3. Selective Few-Shot Examples

Instead of including 10 examples in every prompt, select the most relevant 1-2 examples based on the query.

from openai import OpenAI
import numpy as np

client = OpenAI()

# Pre-computed examples with embeddings
FEW_SHOT_EXAMPLES = [
    {
        "query": "I want to cancel my subscription",
        "response": "I can help with cancellation. Your current plan...",
        "embedding": [0.1, 0.2, ...],  # Pre-computed
        "category": "cancellation",
    },
    {
        "query": "The app crashes when I upload files",
        "response": "Let's troubleshoot the upload issue.
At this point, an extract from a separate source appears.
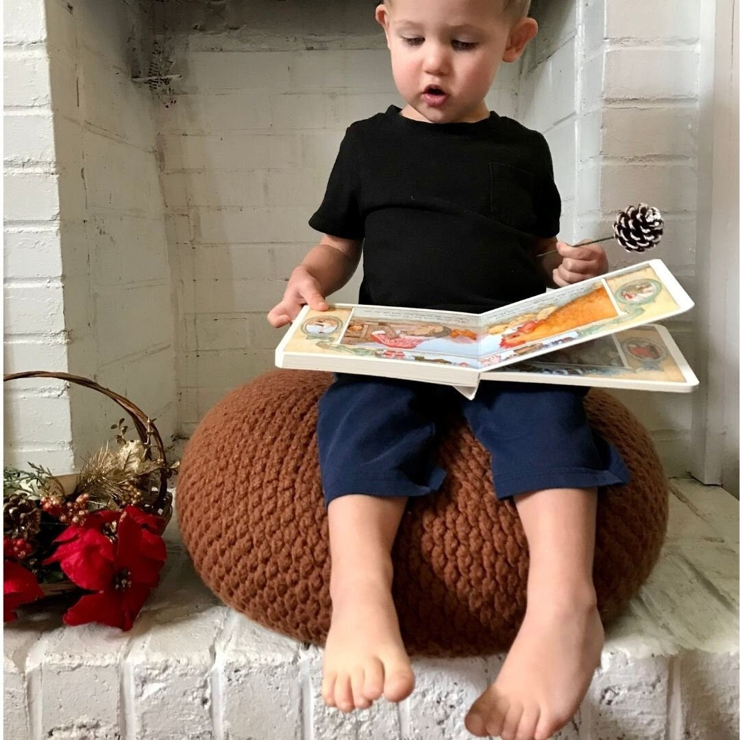 Add comfort and style to your living room with this kid-friendly Alpine Stitch Pouf Crochet Pattern!

First...",
        "embedding": [0.3, 0.4, ...],
        "category": "technical",
    },
    # ... 50 more examples
]

def select_examples(query: str, examples: list[dict], top_k: int = 2) -> list[dict]:
    """Select the most relevant few-shot examples for the query."""
    query_emb = get_embedding(query)  # Reuse from earlier

    scored = []
    for ex in examples:
        sim = cosine_similarity(query_emb, ex["embedding"])
        scored.append((sim, ex))

    scored.sort(key=lambda x: x[0], reverse=True)
    return [ex for _, ex in scored[:top_k]]


def build_prompt_with_selected_examples(query: str, system_base: str) -> list[dict]:
    """Build prompt with only the most relevant examples."""
    examples = select_examples(query, FEW_SHOT_EXAMPLES, top_k=2)

    examples_text = "\n\n".join(
        f"User: {ex['query']}\nAssistant: {ex['response']}"
        for ex in examples
    )

    return [
        {
            "role": "system",
            "content": f"{system_base}\n\nExamples:\n{examples_text}",
        },
        {"role": "user", "content": query},
    ]

Batch APIs: 50% Off for Async Work

OpenAI’s Batch API processes requests asynchronously at a 50% discount. Perfect for workloads that don’t need real-time responses: nightly report generation, bulk classification, content moderation queues, embedding large document sets.

import json
import time
from openai import OpenAI

client = OpenAI()

def create_batch_file(requests: list[dict], filename: str = "/tmp/batch_input.jsonl"):
    """Create a JSONL file for batch processing."""
    with open(filename, "w") as f:
        for i, req in enumerate(requests):
            batch_request = {
                "custom_id": f"request-{i}",
                "method": "POST",
                "url": "/v1/chat/completions",
                "body": {
                    "model": req.get("model", "gpt-4o-mini"),
                    "messages": req["messages"],
                    "max_tokens": req.get("max_tokens", 500),
                    "temperature": 0,
                },
            }
            f.write(json.dumps(batch_request) + "\n")

    return filename


def submit_batch(filename: str) -> str:
    """Upload file and submit batch job."""
    # Upload the JSONL file
    with open(filename, "rb") as f:
        file_obj = client.files.create(file=f, purpose="batch")

    # Create the batch
    batch = client.batches.create(
        input_file_id=file_obj.id,
        endpoint="/v1/chat/completions",
        completion_window="24h",
    )

    print(f"Batch submitted: {batch.id}")
    return batch.id


def poll_batch(batch_id: str, interval: int = 30) -> list[dict]:
    """Poll until batch completes and return results."""
    while True:
        batch = client.batches.retrieve(batch_id)
        print(f"Status: {batch.status} | Completed: {batch.request_counts.completed}/{batch.request_counts.total}")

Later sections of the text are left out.